I want to try to explain where this figure of 16 billion lightyears comes from. This is a first attempt and comments are welcome. It goes in 8 steps starting from the most basic concept. For some readers much of this will be review:

CMB rest: There is an FAQ entry for this. An observer at rest relative to the CMB sees approximately the same temperature (of the ancient light) in all directions. There is no Doppler hotspot which would indicate that he or she was moving in that direction. It's like being at rest with respect to the ancient matter when it was more uniformly spread out, or with respect to the expansion process itself.

Universe time: Time as clocked by observers at CMB rest.

Proper distance at a particular time t: What you would measure by any conventional means (radar, tape measure...) if you could stop expansion at some given moment of universe time. Stopping expansion gives you time to measure---the distance won't change while you are sending the radar pulse, for example.

Scale factor a(t): This curve plots the expansion of distance as an increasing function of time. It is normalized to equal 1 at the present time. a(now) = 1. Back when distances between stationary observers were only half what they are today a(then) = 0.5. The slope a'(t) has not been constant so it's convenient to have the curve as a record of expansion history. Picture: http://ned.ipac.caltech.edu/level5/M...s/figure14.jpg
The dark solid curve labeled (.27, .73) is the one to focus on.

Fractional rate of increase of a(t): A good handle on the rate distances are increasing is the fractional or percentage increase over time. Currently the scalefactor increases by about 1/140 of one percent per million years. So any largescale distance (e.g. between galaxies free of each other's gravity and each approximately at CMB rest,) will increase at that rate. (More precisely using the latest data 1/139 of one percent per million years.) The math expression for this rate, at any time t, is a'(t)/a(t). This is the absolute increase at that time, divided by the current size at that time, IOW a fractional or percentage increase rate.

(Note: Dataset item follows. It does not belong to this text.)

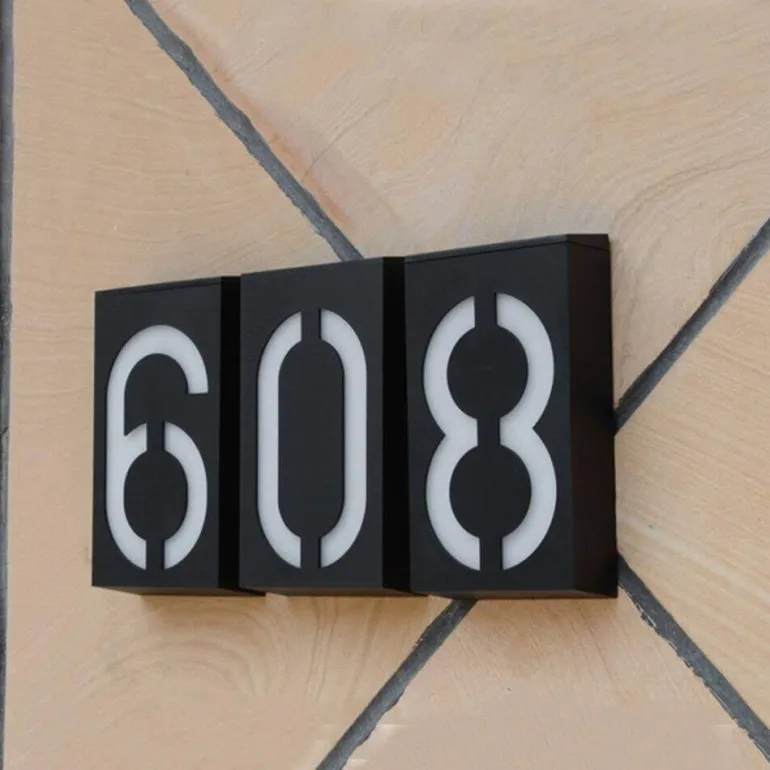 Beleuchten Sie die Außenfassade Ihres Hauses mit unseren solarbetriebenen LED-Hausnummern – einer umweltfreundlichen und funktionalen Hausnummernbeleuchtung. Diese solarbetriebenen Leuchten verbessern die Sichtbarkeit und sorgen dafür, dass Ihre Adresse auch nachts gut zu sehen ist. Das erhöht die Sicherheit und Zugänglichkeit.

Hubble rate H(t): By definition H(t) = a'(t)/a(t), just another name for the fractional rate of expansion. The current value of the Hubble rate is denoted Ho. Or you could say H(now), or a'(now)/a(now). It would all mean the same thing. Mathematically it is a fractional rate of increase the current value of which is 1/140 of one percent per million years. (Or 1/139 using the latest data)
That's the rate that distances (between observers at CMB rest) grow, at present. Using proper distance and the universe standard timescale.
In common astronomy units it is 70.4 km/s per Mpc. 70.4 km/s is the speed a distance of one Mpc is growing.
The Hubble rate is slated to decline in future to sqrt 0.728*Ho ≈ 60 km/s per Mpc.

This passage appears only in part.